Retrieve calibration products & manifest from the NAASC NGAS machines:

For initial testing I make use of a modified version of a script developed at the Joint Alma Observatory (naasc_listfiles.py). This script looks up the names of the 'calibration' and 'script' FILE_CLASS products for a given MOUS UID in the ASA_PRODUCT_FILES table, and performs a wget on each one to place it in the current working directory. This should be performed in the products directory, as that is where the pipeline expects them. ~~If we are going to continue to use this more direct methodology, the script needs to be refactored into a component of pyat, and perform validation upon the retrieved files.~~ (Done, see fetchAlmaCals)

As an alternative, it should be possible to make use of the 'exportProducts' tool which is part of the Alma Common Software suite to achieve the same results, but I have not yet experimented with that script sufficiently.

Once the calibration files are in place, we need to decompress and expand the *.hifa_calimage.auxproducts.tgz file in order to provide access to the files it contains.
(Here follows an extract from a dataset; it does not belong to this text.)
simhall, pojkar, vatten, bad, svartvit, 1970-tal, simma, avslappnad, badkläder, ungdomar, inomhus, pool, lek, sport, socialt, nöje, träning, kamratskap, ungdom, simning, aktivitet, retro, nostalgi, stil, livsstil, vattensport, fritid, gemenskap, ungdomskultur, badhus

The pipeline will not automatically handle these files being contained in a tar achive (the other .tgz files can be left alone).

Finally, the *.pipeline_manifest.xml file must be copied over to the rawdata directory.
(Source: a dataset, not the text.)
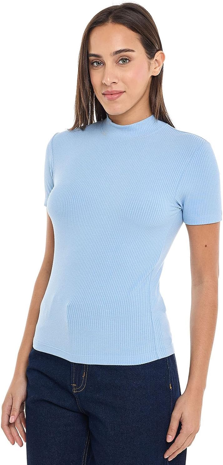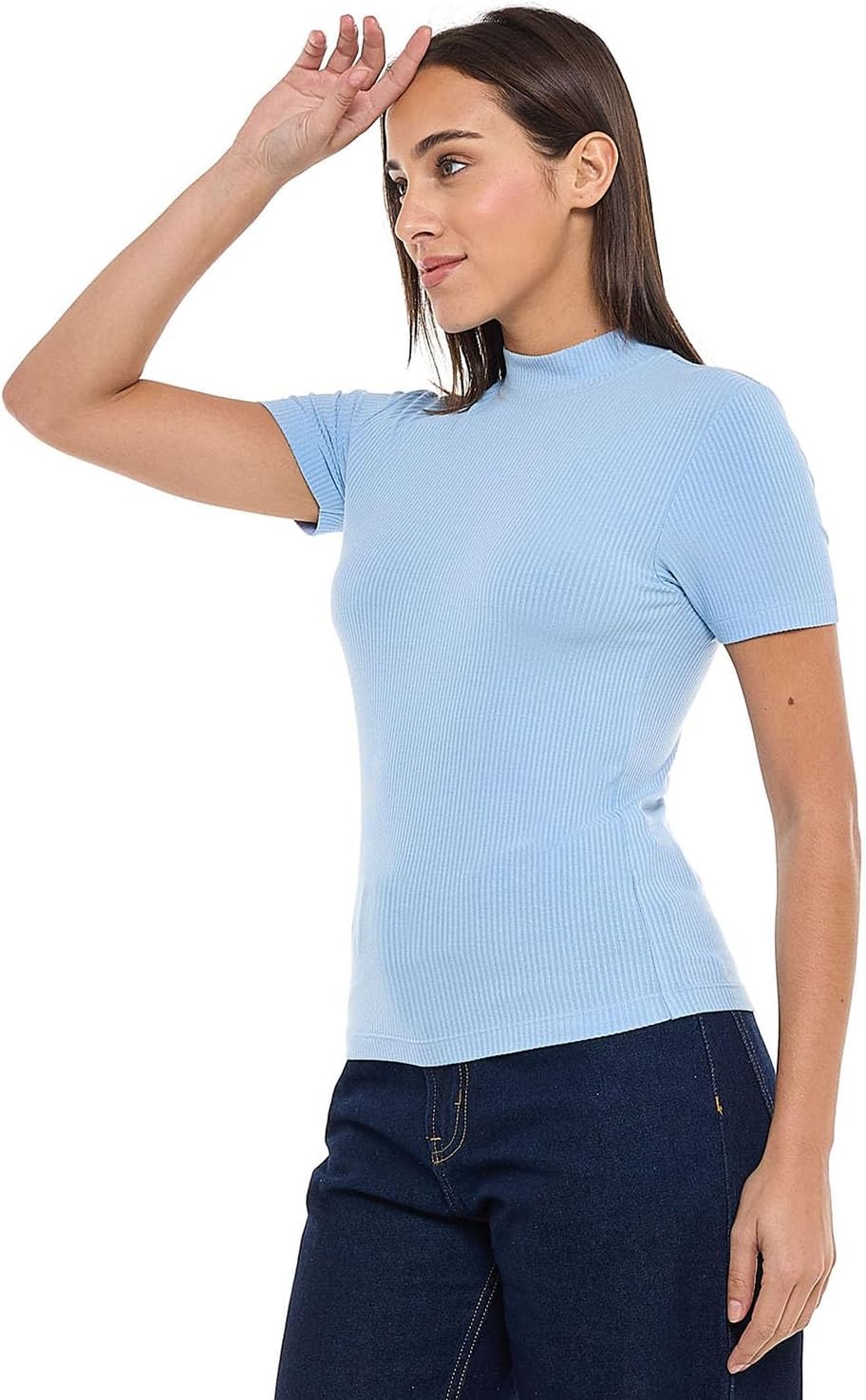 شراء R&B Women’s 325-0451WY001-6 Ribbed Top with Mock Neck and Short Sleeves اون لاين من امازون او نون الامارات R&B Women’s 325-0451WY001-6 Ribbed Top with Mock Neck and Short Sleeves

NOTE: The server name & port number have been extracted out into capo (the almaNgasSystem properties). Those data were taken from the configuration file provided to me by Rachel Rosen. Updated values can be obtained from /home/acs/config/archiveConfig.properties (you need to be on a CV machine to access it), in case something changes and our properties get out of date.

Write the restore PPR:

This is the tricky part. Due to needing to create a complete PPR (we normally exclude the ProjectStructure section entirely, for instance), there are several additional pieces of information required. It is probably not all of them are strictly required to be accurate, but I haven't tested the limits of what is allowed.

PPR_restore_template.xml

Above is the basic layout of the restore PPR. Much of the data simply needs to be added to the correct area (RootDirectory, ProjectCode, etc). However, the ProcessingIntents and section will require a bit more detail. I'll handle each separately.
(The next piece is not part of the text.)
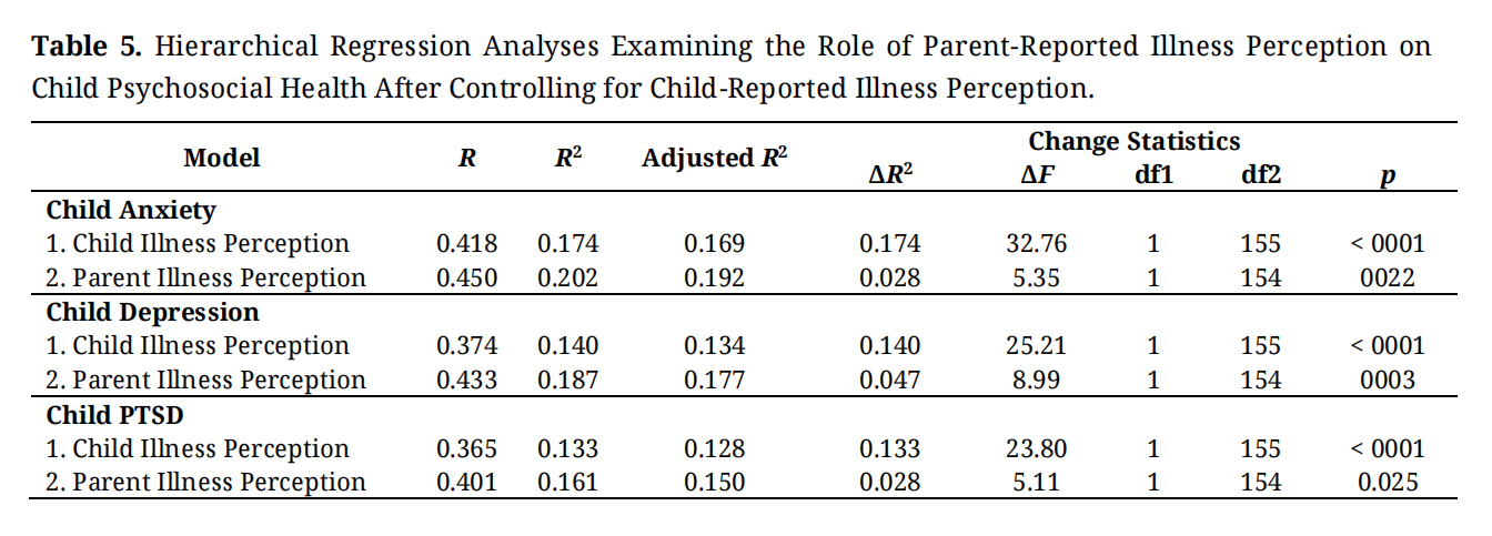 Table 5. Hierarchical Regression Analyses Examining the Role of Parent-Reported Illness Perception on Child Psychosocial Health After Controlling for Child-Reported Illness Perception.

Queries for basic PPR data:

- ProjectSummary
  - ProposalCode
    - available via the ProjectData object
    - select distinct PROJECT_CODE from ASA_PROJECT join ASA_SCIENCE on ASA_PROJECT.PROJECT_UID = ASA_SCIENCE.PROJECT_UID where MEMBER_OUSS_ID='.....';
  - The rest can be handled with default values or 'unknown'
- ProjectStructure
  - ObsUnitSetRef – This refers to the Project + the partId corresponding to this MOUS within that project.
    - entityId
      - select OBSUNITSETUID from AQUA_OUS where OUS_STATUS_ENTITY_ID = '.....';
    - partId
      - select OBSUNITSETPARTID from AQUA_OUS where OUS_STATUS_ENTITY_ID = '.....';
  - ProjectStatusRef
    - entityId
      - select OBS_PROJECT_STATUS_ID from OBS_UNIT_SET_STATUS where STATUS_ENTITY_ID='.....';
  - OUSStatusRef – This is just our MOUS of interest
    - entityId
      - .....
- ProcessingRequests
  - RootDirectory
    - Path to the processing area (i.e. spool directory)
  - ProcessingProcedure
    - There may be a need to handle parameters to the hifa_restoredata call at some point (see the gainmap issue for VLASS SSA-4893 - Getting issue details... STATUS ).
- DataSet
  - RelativePath
    - Path from the RootDirectory above to the directory housing products/rawdata/working
  - SchedBlockRef
    - entityId
      - select distinct SCHEDBLOCK_UID from ALMA.ASA_SCIENCE where MEMBER_OUSS_ID = '.....';
      - There is the possibility of multiple SBs linked to an MOUS. The DOMAIN_ENTITY_STATE column of the SCHED_BLOCK_STATUS table should be able to tell us which we want.
  - SBStatusRef
    - entityId
      - select STATUS_ENTITY_ID from SCHED_BLOCK_STATUS where DOMAIN_ENTITY_ ID='SchedBlockRef entityId';
  - AsdmIdentifer
    - Fill out one of these blocks with the ASDM_UID & the santized version for each EB in the MOUS.